Unmentionable Cuisine
- First edition cover
- Author: Calvin Schwabe
- Language: English
- Subject: Food habits; ethnic food;
- Published: 1979
- Publisher: University Press of Virginia
- Publication place: United States
- Media type: Print
- Pages: 476
- ISBN: 978-0813911625
- Dewey Decimal: 641.6
- LC Class: TX371 .S38

= Unmentionable Cuisine =

Unmentionable Cuisine is a 1979 nonfiction book written by Calvin Schwabe, a professor of epidemiology in the veterinary medicine school at the University of California, Davis, and a consultant for the World Health Organization's several projects. Essentially a discourse urging American readers to overcome their alleged prejudice and eat the meats consumed in other cultures, the book contains hundreds of recipes he had collected over the years for ingredients not normally considered as human food in the United States, such as earthworm, dog meat, and cat meat.

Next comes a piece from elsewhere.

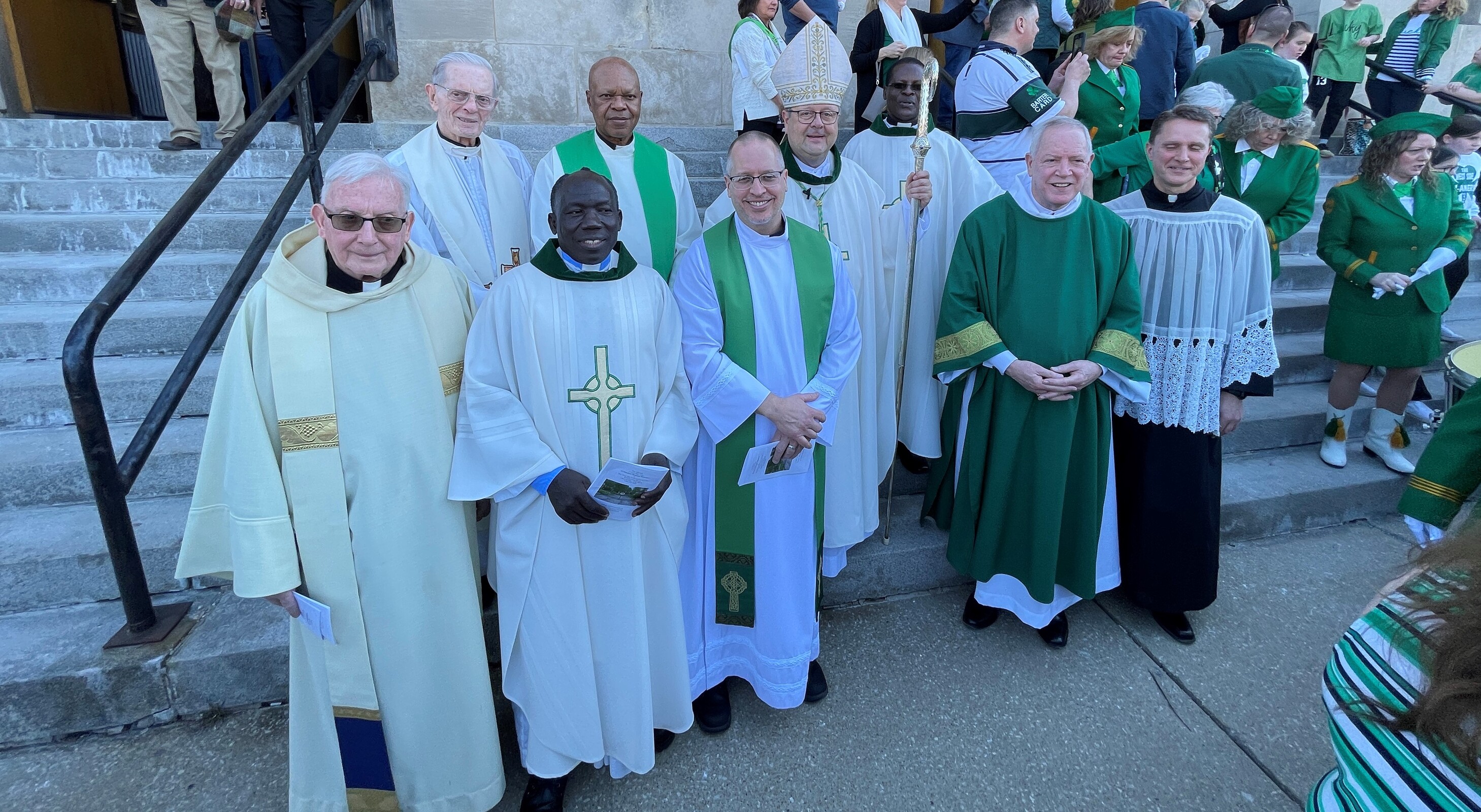 Members, honorees, parade units and friends of the West Side Irish American Club gathered for the annual pre-parade liturgy. There were about a dozen concelebrants included Father Caroli Shao, AJ, St. Colman pastor; Father Benjamin Koka, AJ, St. Colman parochial vicar; and Father Thomas Mahoney, a retired diocesan priest and Hibernian of the Year.

Schwabe argues in this work that Americans will need to be less discriminating about food in order to mitigate food shortage, citing an estimated number of dogs and cats born in the United States every hour and calling the surplus among them "potentially edible meat being wasted".

==Reception==
American anthropologist Frederick J. Simoons noted Schwabe's genuine concerns with the global food crisis, calling Unmentionable Cuisine an attempt to communicate an appreciation for what Schwabe regarded as wasted or underutilized animal products.